> **Task description**: Please restate the listing below in full, word for word.

####################

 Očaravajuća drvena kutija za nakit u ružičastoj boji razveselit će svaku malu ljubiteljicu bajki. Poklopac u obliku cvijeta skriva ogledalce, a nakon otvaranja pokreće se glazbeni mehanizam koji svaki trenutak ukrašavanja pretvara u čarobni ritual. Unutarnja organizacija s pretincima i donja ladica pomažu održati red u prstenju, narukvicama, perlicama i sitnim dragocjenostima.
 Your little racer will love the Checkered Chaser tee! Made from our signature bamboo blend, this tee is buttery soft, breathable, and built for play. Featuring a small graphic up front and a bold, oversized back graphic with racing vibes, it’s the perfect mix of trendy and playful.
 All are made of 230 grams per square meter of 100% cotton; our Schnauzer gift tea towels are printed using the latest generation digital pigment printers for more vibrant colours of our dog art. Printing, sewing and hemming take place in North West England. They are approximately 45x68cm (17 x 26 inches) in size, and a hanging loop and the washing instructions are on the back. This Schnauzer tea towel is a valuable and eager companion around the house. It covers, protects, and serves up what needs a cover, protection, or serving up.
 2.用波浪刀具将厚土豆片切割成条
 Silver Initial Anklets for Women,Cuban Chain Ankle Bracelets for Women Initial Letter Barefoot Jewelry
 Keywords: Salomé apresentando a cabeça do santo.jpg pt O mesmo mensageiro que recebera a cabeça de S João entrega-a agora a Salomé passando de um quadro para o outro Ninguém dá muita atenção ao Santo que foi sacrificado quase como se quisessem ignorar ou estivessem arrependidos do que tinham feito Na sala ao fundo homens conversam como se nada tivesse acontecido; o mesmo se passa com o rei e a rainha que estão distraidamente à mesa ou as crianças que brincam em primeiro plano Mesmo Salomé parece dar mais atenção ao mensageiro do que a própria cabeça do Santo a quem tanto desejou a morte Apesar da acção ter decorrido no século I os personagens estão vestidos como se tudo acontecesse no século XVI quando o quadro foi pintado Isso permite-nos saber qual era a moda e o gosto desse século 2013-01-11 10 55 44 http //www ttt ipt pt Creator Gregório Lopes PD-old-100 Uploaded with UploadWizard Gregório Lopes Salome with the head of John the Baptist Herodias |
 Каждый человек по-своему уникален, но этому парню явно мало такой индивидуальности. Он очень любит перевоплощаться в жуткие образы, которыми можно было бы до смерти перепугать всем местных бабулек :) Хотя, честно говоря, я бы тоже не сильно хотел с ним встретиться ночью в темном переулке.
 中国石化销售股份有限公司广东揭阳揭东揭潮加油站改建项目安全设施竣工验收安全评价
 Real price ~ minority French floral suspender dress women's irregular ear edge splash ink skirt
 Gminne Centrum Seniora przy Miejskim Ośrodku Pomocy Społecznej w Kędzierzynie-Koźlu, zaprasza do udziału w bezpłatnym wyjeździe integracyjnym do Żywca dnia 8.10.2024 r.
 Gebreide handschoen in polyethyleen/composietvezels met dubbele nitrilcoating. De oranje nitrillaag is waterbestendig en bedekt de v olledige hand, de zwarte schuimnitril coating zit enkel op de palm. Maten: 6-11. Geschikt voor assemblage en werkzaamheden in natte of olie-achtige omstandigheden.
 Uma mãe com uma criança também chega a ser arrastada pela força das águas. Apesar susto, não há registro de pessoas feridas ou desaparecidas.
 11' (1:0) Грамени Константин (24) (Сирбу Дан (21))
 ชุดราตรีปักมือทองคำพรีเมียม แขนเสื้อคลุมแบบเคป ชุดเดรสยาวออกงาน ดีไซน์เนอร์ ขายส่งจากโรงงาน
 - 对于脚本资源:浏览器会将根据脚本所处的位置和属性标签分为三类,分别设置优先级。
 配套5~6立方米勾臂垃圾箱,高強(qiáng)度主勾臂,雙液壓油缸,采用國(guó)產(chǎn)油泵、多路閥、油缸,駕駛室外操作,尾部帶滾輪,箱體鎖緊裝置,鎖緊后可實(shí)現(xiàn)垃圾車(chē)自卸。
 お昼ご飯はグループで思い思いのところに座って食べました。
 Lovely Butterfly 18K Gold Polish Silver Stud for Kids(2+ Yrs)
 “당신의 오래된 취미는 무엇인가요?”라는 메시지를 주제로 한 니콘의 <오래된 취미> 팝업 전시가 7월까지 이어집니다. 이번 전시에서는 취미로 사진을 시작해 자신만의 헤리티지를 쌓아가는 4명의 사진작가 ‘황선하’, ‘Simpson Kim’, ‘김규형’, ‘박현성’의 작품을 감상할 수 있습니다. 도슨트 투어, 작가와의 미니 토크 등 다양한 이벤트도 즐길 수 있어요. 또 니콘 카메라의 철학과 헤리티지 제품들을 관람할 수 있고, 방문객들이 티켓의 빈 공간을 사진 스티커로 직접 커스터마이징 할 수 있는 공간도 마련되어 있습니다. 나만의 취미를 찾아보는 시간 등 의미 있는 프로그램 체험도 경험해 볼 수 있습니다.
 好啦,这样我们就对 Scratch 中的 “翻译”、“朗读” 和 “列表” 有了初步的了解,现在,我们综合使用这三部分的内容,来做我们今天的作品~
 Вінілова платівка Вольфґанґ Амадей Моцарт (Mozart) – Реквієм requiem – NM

####################

> **Reply**:
 Očaravajuća drvena kutija za nakit u ružičastoj boji razveselit će svaku malu ljubiteljicu bajki. Poklopac u obliku cvijeta skriva ogledalce, a nakon otvaranja pokreće se glazbeni mehanizam koji svaki trenutak ukrašavanja pretvara u čarobni ritual. Unutarnja organizacija s pretincima i donja ladica pomažu održati red u prstenju, narukvicama, perlicama i sitnim dragocjenostima.
 Your little racer will love the Checkered Chaser tee! Made from our signature bamboo blend, this tee is buttery soft, breathable, and built for play. Featuring a small graphic up front and a bold, oversized back graphic with racing vibes, it’s the perfect mix of trendy and playful.
 All are made of 230 grams per square meter of 100% cotton; our Schnauzer gift tea towels are printed using the latest generation digital pigment printers for more vibrant colours of our dog art. Printing, sewing and hemming take place in North West England. They are approximately 45x68cm (17 x 26 inches) in size, and a hanging loop and the washing instructions are on the back. This Schnauzer tea towel is a valuable and eager companion around the house. It covers, protects, and serves up what needs a cover, protection, or serving up.
 2.用波浪刀具将厚土豆片切割成条
 Silver Initial Anklets for Women,Cuban Chain Ankle Bracelets for Women Initial Letter Barefoot Jewelry
 Keywords: Salomé apresentando a cabeça do santo.jpg pt O mesmo mensageiro que recebera a cabeça de S João entrega-a agora a Salomé passando de um quadro para o outro Ninguém dá muita atenção ao Santo que foi sacrificado quase como se quisessem ignorar ou estivessem arrependidos do que tinham feito Na sala ao fundo homens conversam como se nada tivesse acontecido; o mesmo se passa com o rei e a rainha que estão distraidamente à mesa ou as crianças que brincam em primeiro plano Mesmo Salomé parece dar mais atenção ao mensageiro do que a própria cabeça do Santo a quem tanto desejou a morte Apesar da acção ter decorrido no século I os personagens estão vestidos como se tudo acontecesse no século XVI quando o quadro foi pintado Isso permite-nos saber qual era a moda e o gosto desse século 2013-01-11 10 55 44 http //www ttt ipt pt Creator Gregório Lopes PD-old-100 Uploaded with UploadWizard Gregório Lopes Salome with the head of John the Baptist Herodias |
 Каждый человек по-своему уникален, но этому парню явно мало такой индивидуальности. Он очень любит перевоплощаться в жуткие образы, которыми можно было бы до смерти перепугать всем местных бабулек :) Хотя, честно говоря, я бы тоже не сильно хотел с ним встретиться ночью в темном переулке.
 中国石化销售股份有限公司广东揭阳揭东揭潮加油站改建项目安全设施竣工验收安全评价
 Real price ~ minority French floral suspender dress women's irregular ear edge splash ink skirt
 Gminne Centrum Seniora przy Miejskim Ośrodku Pomocy Społecznej w Kędzierzynie-Koźlu, zaprasza do udziału w bezpłatnym wyjeździe integracyjnym do Żywca dnia 8.10.2024 r.
 Gebreide handschoen in polyethyleen/composietvezels met dubbele nitrilcoating. De oranje nitrillaag is waterbestendig en bedekt de v olledige hand, de zwarte schuimnitril coating zit enkel op de palm. Maten: 6-11. Geschikt voor assemblage en werkzaamheden in natte of olie-achtige omstandigheden.
 Uma mãe com uma criança também chega a ser arrastada pela força das águas. Apesar susto, não há registro de pessoas feridas ou desaparecidas.
 11' (1:0) Грамени Константин (24) (Сирбу Дан (21))
 ชุดราตรีปักมือทองคำพรีเมียม แขนเสื้อคลุมแบบเคป ชุดเดรสยาวออกงาน ดีไซน์เนอร์ ขายส่งจากโรงงาน
 - 对于脚本资源:浏览器会将根据脚本所处的位置和属性标签分为三类,分别设置优先级。
 配套5~6立方米勾臂垃圾箱,高強(qiáng)度主勾臂,雙液壓油缸,采用國(guó)產(chǎn)油泵、多路閥、油缸,駕駛室外操作,尾部帶滾輪,箱體鎖緊裝置,鎖緊后可實(shí)現(xiàn)垃圾車(chē)自卸。
 お昼ご飯はグループで思い思いのところに座って食べました。
 Lovely Butterfly 18K Gold Polish Silver Stud for Kids(2+ Yrs)
 “당신의 오래된 취미는 무엇인가요?”라는 메시지를 주제로 한 니콘의 <오래된 취미> 팝업 전시가 7월까지 이어집니다. 이번 전시에서는 취미로 사진을 시작해 자신만의 헤리티지를 쌓아가는 4명의 사진작가 ‘황선하’, ‘Simpson Kim’, ‘김규형’, ‘박현성’의 작품을 감상할 수 있습니다. 도슨트 투어, 작가와의 미니 토크 등 다양한 이벤트도 즐길 수 있어요. 또 니콘 카메라의 철학과 헤리티지 제품들을 관람할 수 있고, 방문객들이 티켓의 빈 공간을 사진 스티커로 직접 커스터마이징 할 수 있는 공간도 마련되어 있습니다. 나만의 취미를 찾아보는 시간 등 의미 있는 프로그램 체험도 경험해 볼 수 있습니다.
 好啦,这样我们就对 Scratch 中的 “翻译”、“朗读” 和 “列表” 有了初步的了解,现在,我们综合使用这三部分的内容,来做我们今天的作品~
 Вінілова платівка Вольфґанґ Амадей Моцарт (Mozart) – Реквієм requiem – NM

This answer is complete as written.